Records from a dataset:
***

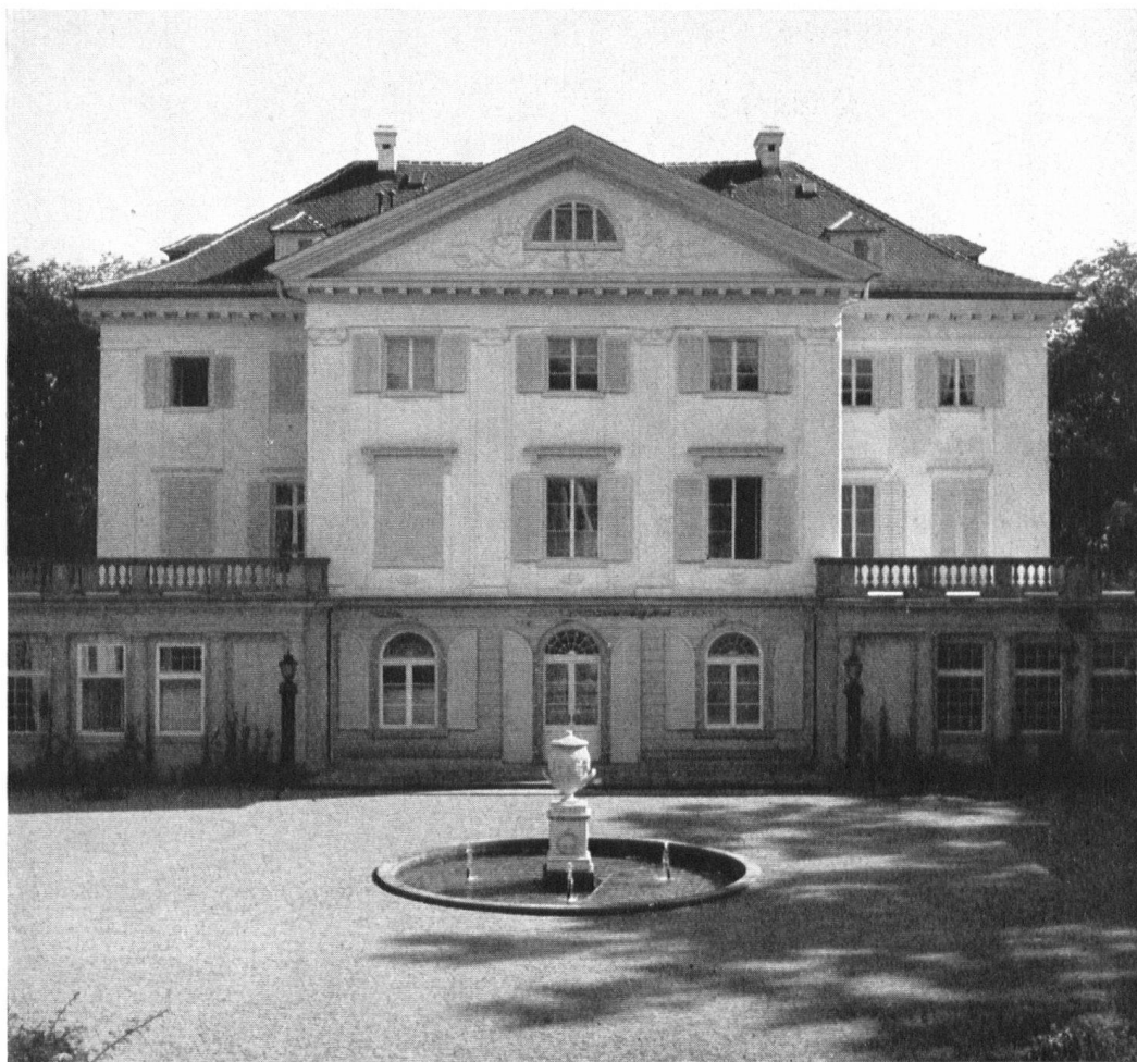
Schloß Eugensberg, Hofseite, Zufahrt. — Links nebenan Seeseite, vom Teich aus gesehen. Mont-Eugène, en Thurgovie. L'entrée du château. — A gauche, la façade orientée vers le lac.

Gütern des fürstlichen Geschwisterpaares entfaltetete sich ein reges Leben. Das Kommen und Gehen von hohen Herrschaften jener Zeit hielt die einfachen bäuerlichen Nachbarn in Salenstein, Mannenbach und Ermatingen in Atem. Noch heute erzählt man sich Anekdoten aus jenen bewegten Tagen am Untersee. Der Erbauer von Eugensberg konnte sich seines schönen Besitztums leider nicht lange erfreuen, denn er starb schon nach drei Jahren. Das Schloß mit dem dazu gehörigen Bauernland ging an seine zweite Tochter, die Prinzessin von Hohenzollern, über. Ihr folgten ein Herr von Kiesow, eine Gräfin Reichen-
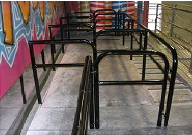
Pedana Avanti indietro con ostacoli L=4,00m x P=1,50m x H=0,45m
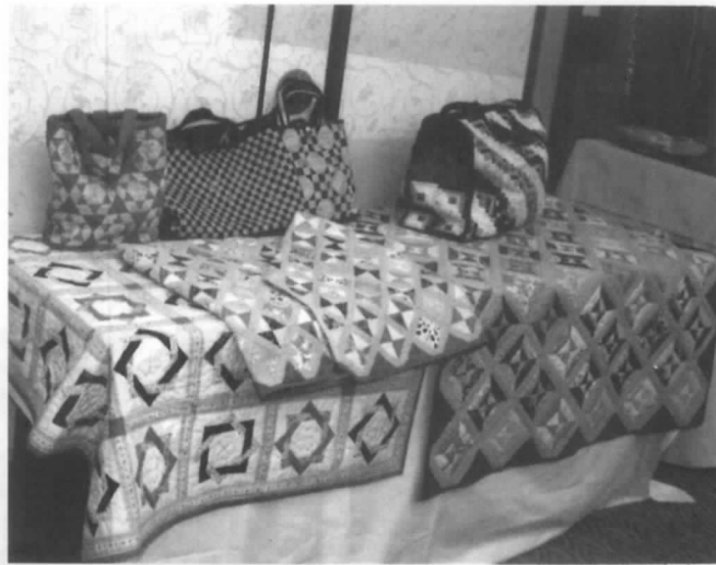
総会時展示された作品の数々

昔の仲間との語らいは何時になっても楽しく、若かった自分に帰るものらしい。40年以上の頃の?話に花が咲く。月に2回の集まりは、パッチワークの手よりも口の方が動いている。持ち寄った手作りの御菓子や漬物で盛り上がる。ボケ予防にこれ以上のもは無い。
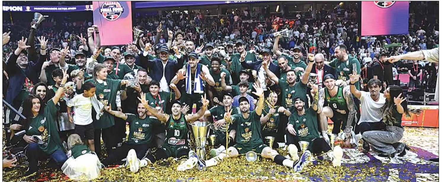
Real Madryt, najbardziej utytułowana drużyna Euroligi, tym razem musiał uznać wyższość klubu z Aten
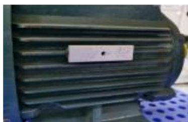
图 6. 铝卡安装图
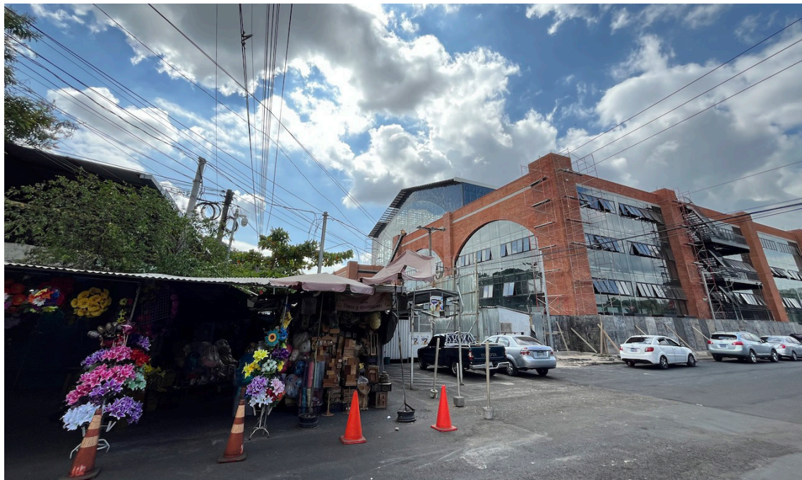
Comerciantes ubicados en la 2da Avenida Norte, a un costado del nuevo mercado San Miguelito temen ser desalojados y ser enviados a sus casas ya que las autoridades pretenden remodelar la calle.

Un medio de comunicación local informó la tarde del viernes, que la comuna capitalina realizaba una reunión informativa con vendedores del Mercado San Miguelito; esto, luego de varios meses sin sostener pláticas.
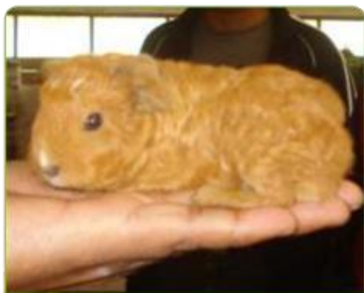
Cuy seleccionado para reproducción

Comienza con la identificación y evaluación de los cuyes padres, continúa con el nacimiento, destete y su desarrollo en la etapa recría. Se selecciona a los mejores animales como los futuros reproductores considerando las características productivas como: líneas y tipos de cuy, velocidad de crecimiento y otras características evaluadas en las mismas condiciones de manejo y sanidad.
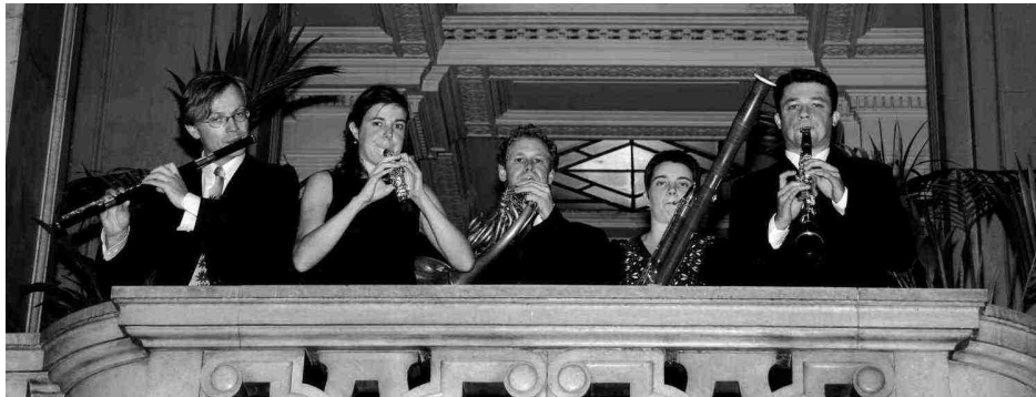
le concert impromptu, en octobre 2005, à l' Odeon Theaterverein de Vienne
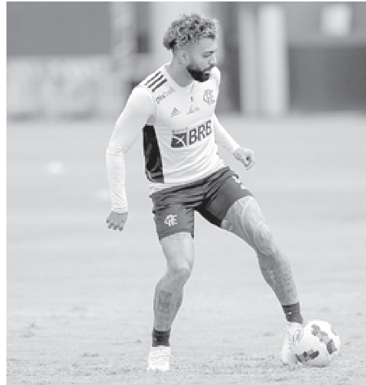
Jogo de ida das semifinais acontece nesta quarta-feira (24), às 21h30, no Morumbi

A vitória foi inesquecível, com direito a goloça de placa. Quando o juiz apitou o fim de Atlético 0 x 1 Flamengo na Arena da Baixada, na última quarta-feira (17), não foi apenas a história da edição de 2022 da Copa do Brasil que ficou marcada – foi a de toda a competição. No jogo de ida da semifinal, o Mais Querido vai atingir a marca de 200 jogos pelo torneio, se sagrando como primeiro time do país a alcan-
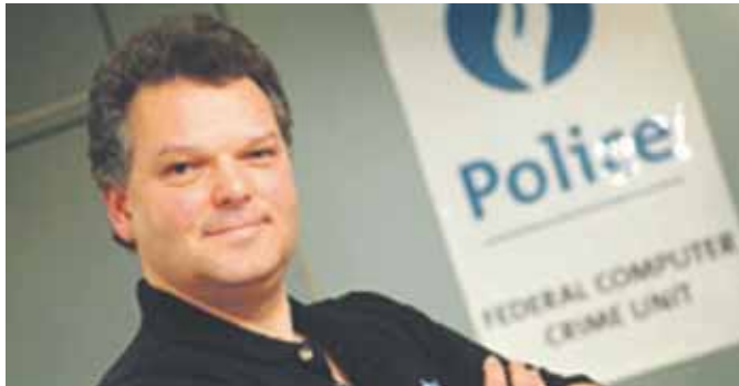
ECOPS. «Notre but est de permettre aux internautes de nous donner une information de départ tangible afin que nous puissions enquêter à ce sujet.»

Réponse: En tant que citoyen responsable, vous devez en parler à la police mais pour cela, il n'est pas nécessaire de vous déplacer. Rendez-vous sur le site www.ecops.be .
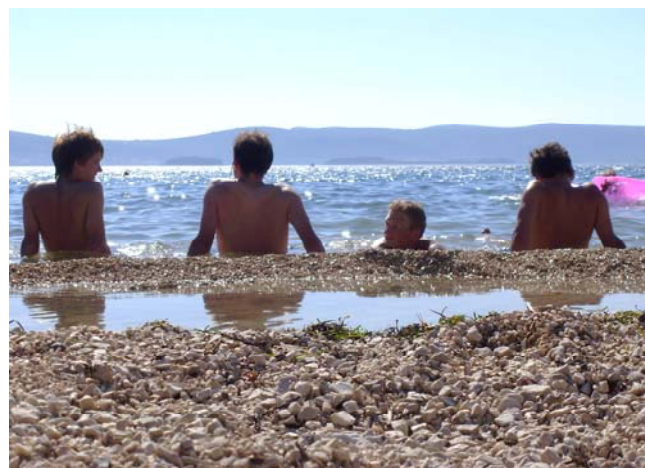
Trochu lepší rybník

Poslední týden letošních prázdnin se deset vedoucích z Protěže (včetně Kosti z Keyi) rozhodlo, že je na čase odpočinout si od českých luhů a hájů a strávit společně několik dní relaxem a válením se u moře. Jako správní Češi jsme vyrazili do Chorvatska a jako správní skauti jsme jeli vlakem, ti nejdrsnější z nás dokonce stopem. Vyrazili jsme tzv. „na blint“, což znamenalo, že jsme měli volnou ruku ve výběru místa i ubytování.
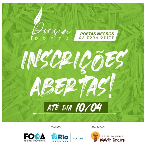
Figura 5 - Inscrições do Poesia Preta: Poetas Negros(as) da Zona Oeste
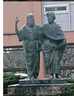
中庭に立つプラトンとアリストテレスの銅像はどうなるか
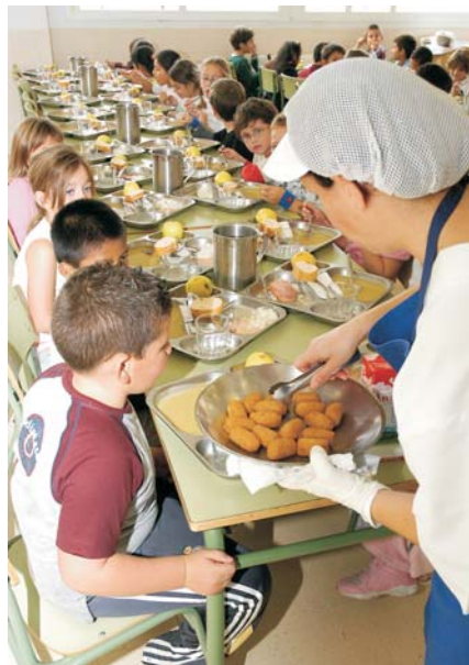
En los comedores de los centros educativos del municipio se sirven menús específicos para alumnos alérgicos al pescado y huevo.

A partir de este curso y hasta 2010, Villanueva de la Cañada va a participar junto con otros 4 municipios españoles -todos ellos pertenecientes a la Red Española de Ciudades Saludables- en el Programa THAO (Think Action Obesity) sobre obesidad
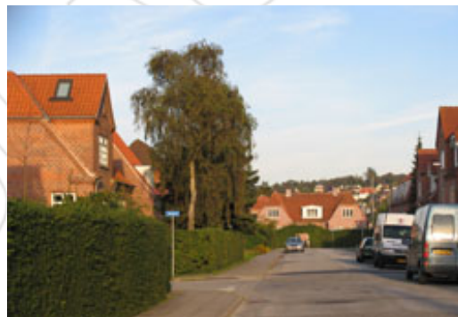
Kvarterets grønne præg og karakteristiske byggeskik skal sikres.

Målet er at udvikle Kærby som et attraktivt centrumnært boligkvarter. Det specielle ved kvarteret skal sikres ved at lægge vægt på et markant grønt præg, samt at synliggøre Østerå og Vestre Landgrøft som grønne træk og videreføre den særlige byggeskik i "Kærbyhusene".
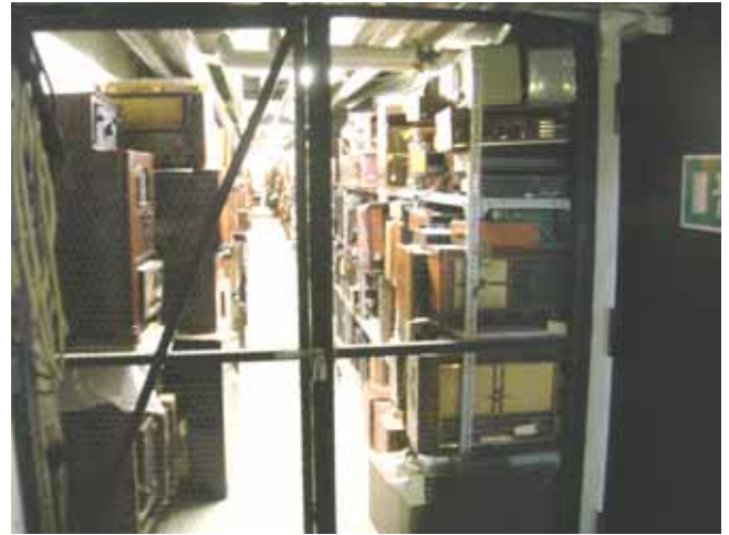
Her skal etableres en branddør og -væg

NB: Vi skal naturligvis selv betale for udgifterne ved etableringen af dørene, som er lovet udført medio 2010. Vi sørger for at få udført arbejdet så hurtigt som muligt og er meget glade for, at vi har den store samling i kælderen.
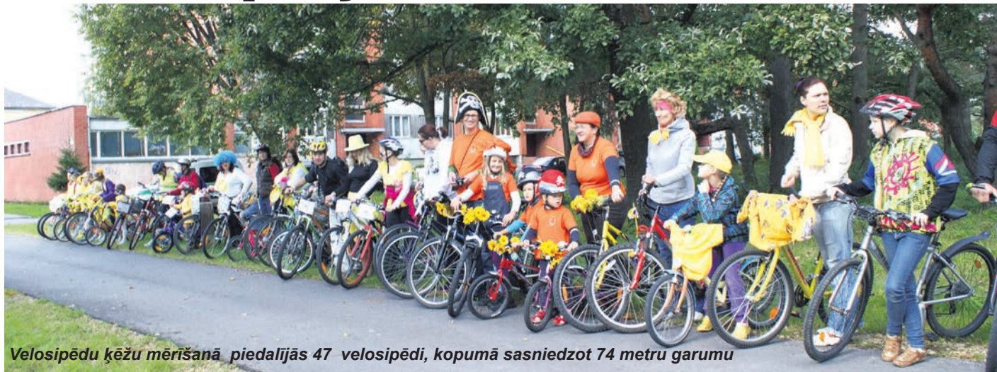
Velosipēdu ķēžu mērīšanā piedalījās 47 velosipēdi, kopumā sasniedzot 74 metru garumu

8.–9. septembrī visā Latvijā notika Eiropas Savienības līdzfinansēto projektu atvērtās dienas, kuru laikā iedzīvotāji varēja iepazīties ar labākajiem projektiem. Ķekavas novadā par vislabāk reāli-zētiem projektiem Finanšu ministrija atzina velosipēdu Baložu pilsētā un dienas centru Adatiņas Daugmalē.
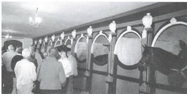
Herskabsstalden. Da både godsejeren og hans hustru rider, har de indrettet den gamle herskabsstald til moderne hestehold med bokse. Nyindretningen er foretaget med stor pietetsfølelse for det gamle interiør. Bemærk, at herskabsstalden har prismelysekroner.
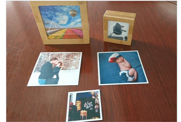
圖 4. 照片 (2)
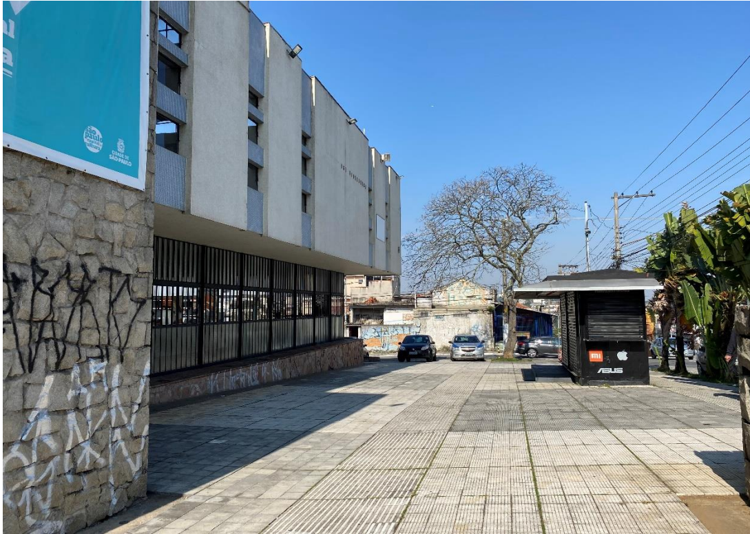
Figura 4 – Área externa do Centro Cultural da Vila Formosa
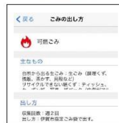
ごみの出し方画面
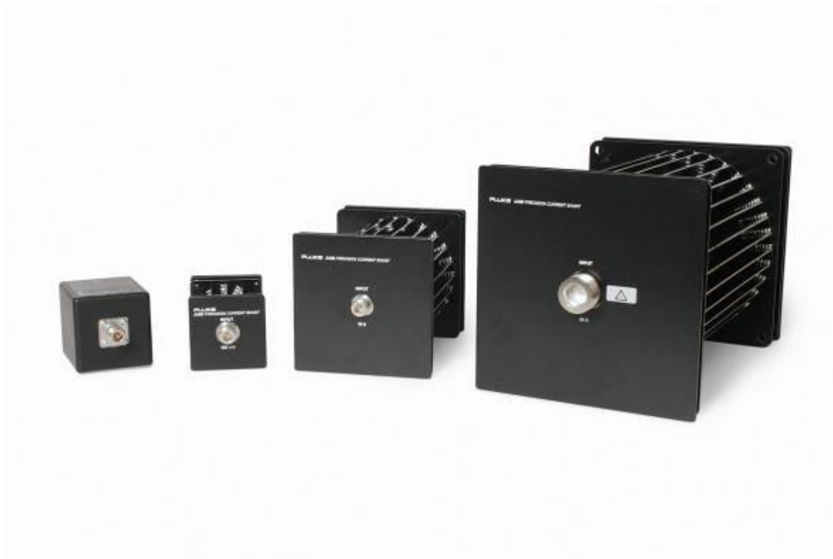
Рисунок 2 - Общий вид шунтов
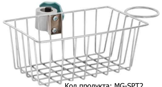
Код продукта: MG-SPT2 Описание продукта: Корзина для инструментов, модель 2 Размер: 25x15x10 см
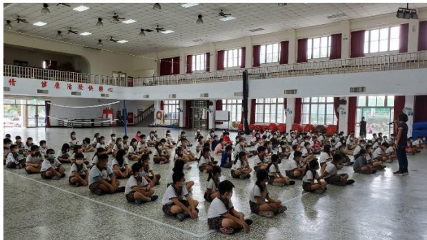
圖片說明：全校性宣導在家吃早餐

***

[Problem requirements]
Look above for every line with the word "Eugensberg" and copy it.

[Reply]
Schloß Eugensberg, Hofseite, Zufahrt. — Links nebenan Seeseite, vom Teich aus gesehen. Mont-Eugène, en Thurgovie. L'entrée du château. — A gauche, la façade orientée vers le lac.
Gütern des fürstlichen Geschwisterpaares entfaltetete sich ein reges Leben. Das Kommen und Gehen von hohen Herrschaften jener Zeit hielt die einfachen bäuerlichen Nachbarn in Salenstein, Mannenbach und Ermatingen in Atem. Noch heute erzählt man sich Anekdoten aus jenen bewegten Tagen am Untersee. Der Erbauer von Eugensberg konnte sich seines schönen Besitztums leider nicht lange erfreuen, denn er starb schon nach drei Jahren. Das Schloß mit dem dazu gehörigen Bauernland ging an seine zweite Tochter, die Prinzessin von Hohenzollern, über. Ihr folgten ein Herr von Kiesow, eine Gräfin Reichen-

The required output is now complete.